Real-Time Object Detection on Video System Development
Real-time object detection on video is a task with strict latency requirements. Real-time threshold: for surveillance systems — 25+ FPS, for robotics — 30+ FPS with latency < 33ms. Performance depends on three factors: model architecture, hardware accelerator, and inference pipeline efficiency.
System Architecture
Camera → Frame Capture → Preprocessing → Inference → Postprocessing → Output
↓ ↓
Frame Skipping TensorRT/ONNX Runtime
Resize/Normalize GPU batching
For RTSP/IP cameras, use GStreamer or FFmpeg for stream capture with hardware decoding (NVDEC on NVIDIA):
import cv2
# Hardware-accelerated RTSP capture
cap = cv2.VideoCapture(
'rtsp://camera_ip/stream?'
'pipeline='
'rtspsrc location=rtsp://camera_ip/stream !'
'rtph264depay ! h264parse ! nvh264dec !' # NVDEC
'videoconvert ! appsink',
cv2.CAP_GSTREAMER
)
Model Optimization for Real-Time
TensorRT optimization provides 2–5x speedup vs PyTorch:
from ultralytics import YOLO
model = YOLO('yolov8n.pt')
# Export to TensorRT FP16
model.export(
format='engine',
half=True, # FP16 precision
batch=1, # or batch=4 for batching
device=0,
workspace=4 # GB for optimization
)
YOLOv8n with TensorRT FP16 on T4: 280+ FPS at 640×640 resolution.
Frame skipping — detect not every frame. At 30 FPS video, detect every 3rd frame (10 detections/sec) + track for intermediate frames. Perceived quality is preserved.
Dynamic batching — group frames from multiple cameras into batch for single GPU pass:
class MultiCameraInference:
def __init__(self, model_path, num_cameras=8):
self.model = load_trt_model(model_path)
self.batch_size = num_cameras
def process_batch(self, frames: list[np.ndarray]) -> list[list]:
# Preprocessing batch
batch = preprocess_batch(frames) # [N, 3, H, W]

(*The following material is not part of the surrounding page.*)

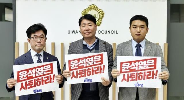 [와이뉴스] 의왕시의회 서창수, 김태흥, 한채훈 의원은 5일 오전 ‘민주주의와 헌정질서를 파괴하려 한 윤석열 대통령은 사퇴하라’는 결의문을 채택했다고 밝혔다.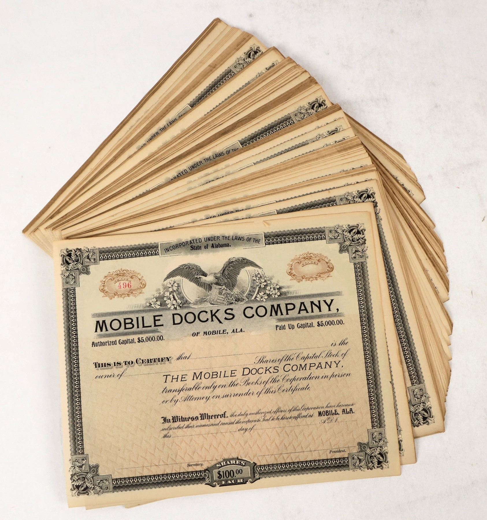 Group of approx. 200 unissued stock certificates from the Mobile Docks Company of Mobile, Alabama. Uncancelled. Black ink w/ brown underprint. 10.25"x8.25" certs, generally good condition with some toning; see photos.

# Single GPU inference for all cameras
results = self.model.infer(batch)
return postprocess_batch(results)
Multi-Camera Systems
For monitoring with 8–32 cameras: one A100/H100 GPU handles up to 32 streams of 1080p@30fps with YOLOv8n. Architecture: shared inference server (Triton) + separate capture processes for each camera.
Throughput:
- NVIDIA T4 (16GB): 8–12 cameras 1080p with YOLOv8m
- NVIDIA A100: 24–32 cameras 1080p with YOLOv8l
Latency Optimization
Pipeline latency = capture + decode + preprocess + inference + postprocess + display
| Stage | Typical Time | Optimized |
|---|---|---|
| Frame capture | 5 ms | 2 ms (NVDEC) |
| Preprocessing | 8 ms | 1 ms (GPU preproc) |
| YOLOv8n inference | 12 ms | 4 ms (TRT FP16) |
| Postprocessing + NMS | 5 ms | 2 ms |
| Total | 30 ms | 9 ms |
Deployment and Monitoring
Docker container with CUDA 12.x + TensorRT. Metrics: FPS per camera, inference latency, GPU utilization, detection count per class per minute. Alerting via Prometheus + Grafana.
| System Scale | Timeline |
|---|---|
| 1–4 cameras, basic detection | 2–3 weeks |
| 8–32 cameras, custom classes | 4–7 weeks |
| 50+ cameras, distributed architecture | 8–14 weeks |